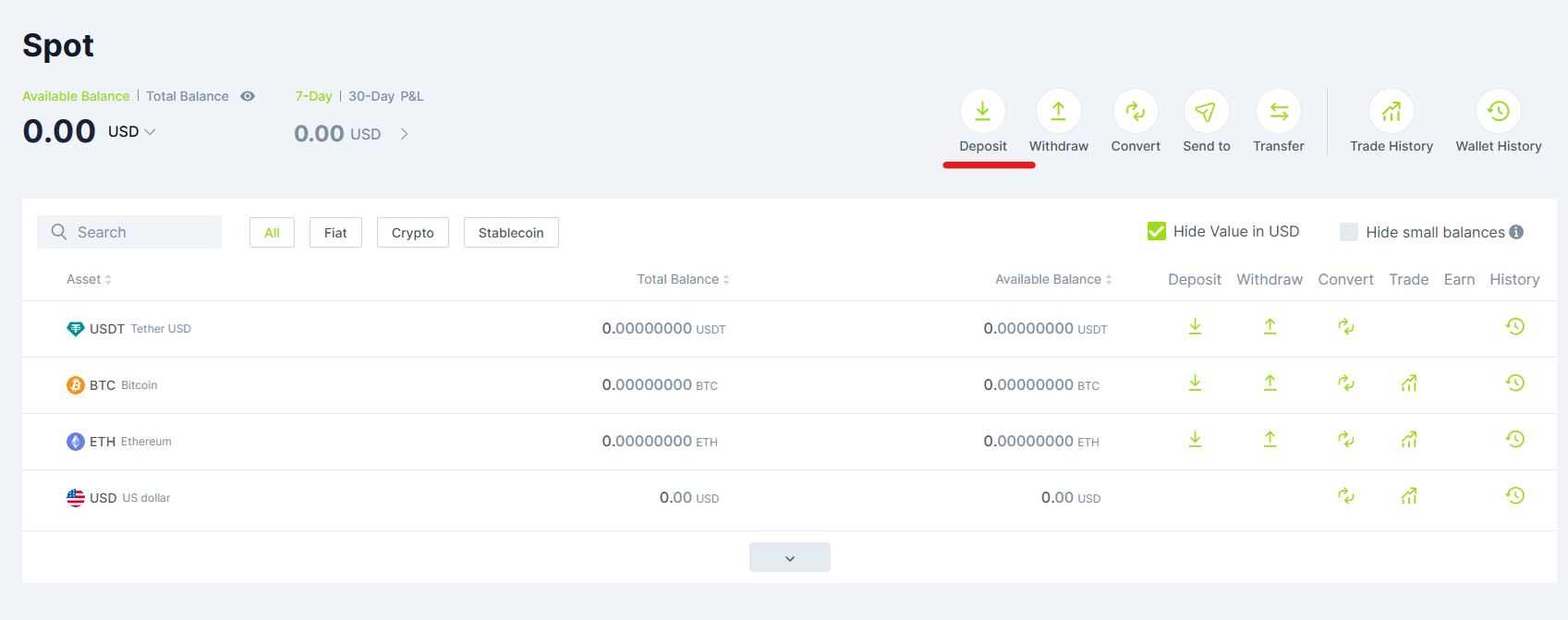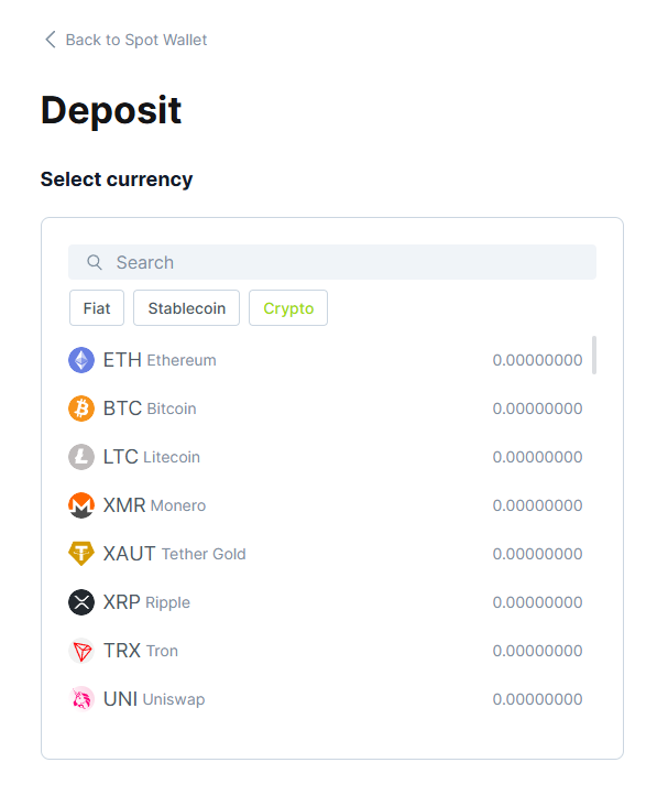 Choose your preferred cryptocurrency from the list or use the search feature. Then, click the “Deposit” icon.
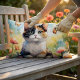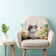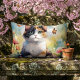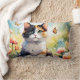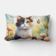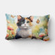 Coussin Rectangle Chat calico dans un jardin printanier avec des pap
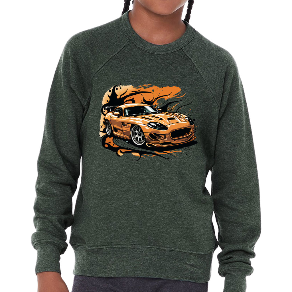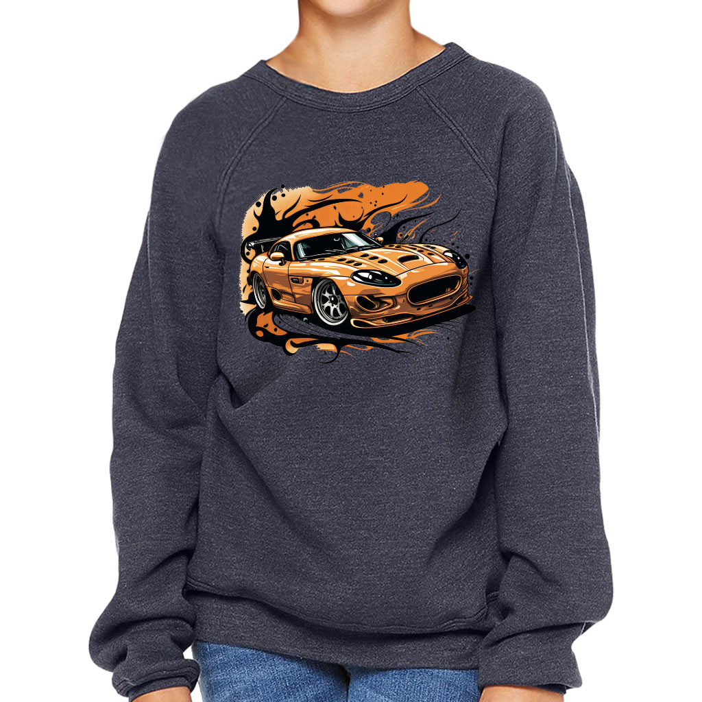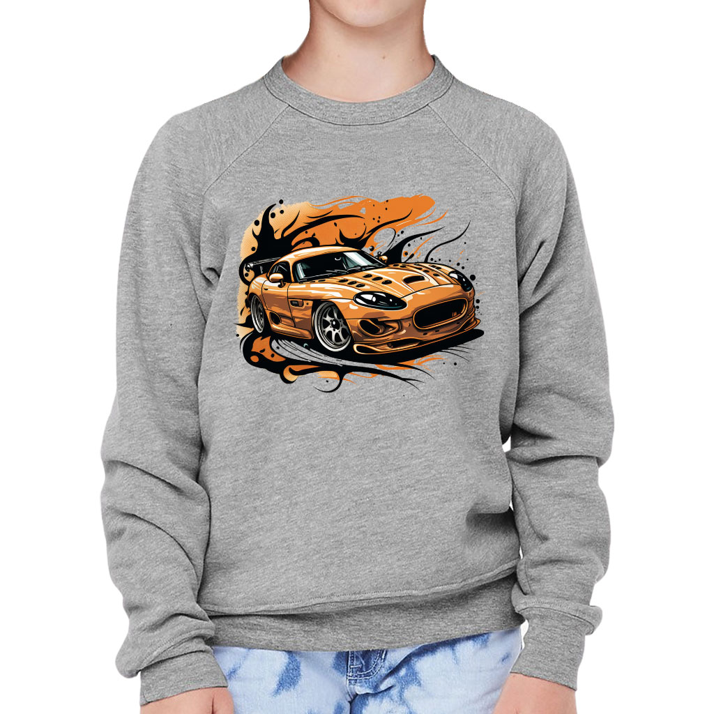 Car Themed Kids’ Raglan Sweatshirt – Cool Trendy Sponge Fleece Sweatshirt – Cool Design Sweatshirt

----------

## Problem statement
Pictures stay out; everything else in the listing above gets restated word for word.

## Answer section
 Choose your preferred cryptocurrency from the list or use the search feature. Then, click the “Deposit” icon.
 Coussin Rectangle Chat calico dans un jardin printanier avec des pap
 Car Themed Kids’ Raglan Sweatshirt – Cool Trendy Sponge Fleece Sweatshirt – Cool Design Sweatshirt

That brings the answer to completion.